In general, a biometric digital signature is used to generate the secret key for improving security. After finishing any transactions in the blockchain system, the secret key in the key management server will be deleted. As a result, the hacker will be unable to obtain the key secret from the key management server. However, it is easy for a hacker to attack the sensor and steal the face picture to replay the old data. In order to solve this problem, this paper proposes an improved biometric fuzzy signature with a timestamp, which can ensure the security of the secret key.
The main contributions of this paper are summarized as follows:
1. Blockchain technology is used to manage the devices and people in the power system, protecting the huge amount of device-related data in the electric IoT.
2. To create a verification system based on the biometric fuzzy signature and add a timestamp in the process of feature extraction, preventing the hackers from stealing the user’s secret key and replaying the old data to log into the system.
3. By using deep learning technology, the accuracy and efficiency of face recognition in the system are further enhanced.
The remainder of this paper is organized as follows: In Section 2, basic knowledge of blockchain and digital signatures based on biometrics are described. In Section 3, the proposed biometric fuzzy signature and timestamp are explained and built upon. In Section 4, four specific cases in power system equipment operation and maintenance are analyzed to verify the security and reliability of the system. In Section 5, the summary of the full paper is given.
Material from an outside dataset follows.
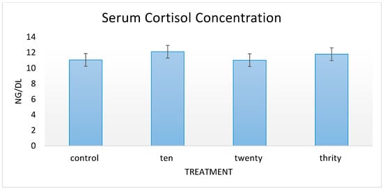 HSM at all supplemented levels had no effect on IL-4 concentrations determined by ELISA in serum samples collected on day 60 of the feeding period (Table 7). Serum IL-6 concentrations increased linearly (p = 0.01), while TNF-α decreased linearly (p = 0.01) with the increasing level of HSM supplementation (Table 7). Serum IL-2 concentrations were higher in goats supplemented with HSM at 10% and 30% levels but were lower at 20% level compared to that of nonsupplemented control groups; however, these results were not statistically significant (p = 0.08; Table 7). Serum cortisol concentrations determined by ELISA in serum samples collected on day 60 remained relatively constant for all treatments demonstrating no significant differences (Figure 2).

2.1 Overview of Blockchain System
Since Nakamoto first proposed bitcoin using blockchain technology in mid-2008, the blockchain technology has gradually developed in various aspects. As a collection of various technologies, blockchain technology can be divided into a data layer, a network layer, a consensus layer, an incentive layer, an application layer, etc.
In the data layer, the hash function in cryptography is mainly used to construct a data structure like hash chain for storing transactions or data [16]. In the network layer, it uses a peer-to-peer (P2P) network without a central node to complete the dissemination and diffusion of data [17]. In the consensus layer, it uses the consensus algorithm and other technologies in the distributed system to realize the consensus of distributed nodes, and stores the consensus redundantly in multiple distributed nodes in the form of hash chain, which is difficult to tamper with.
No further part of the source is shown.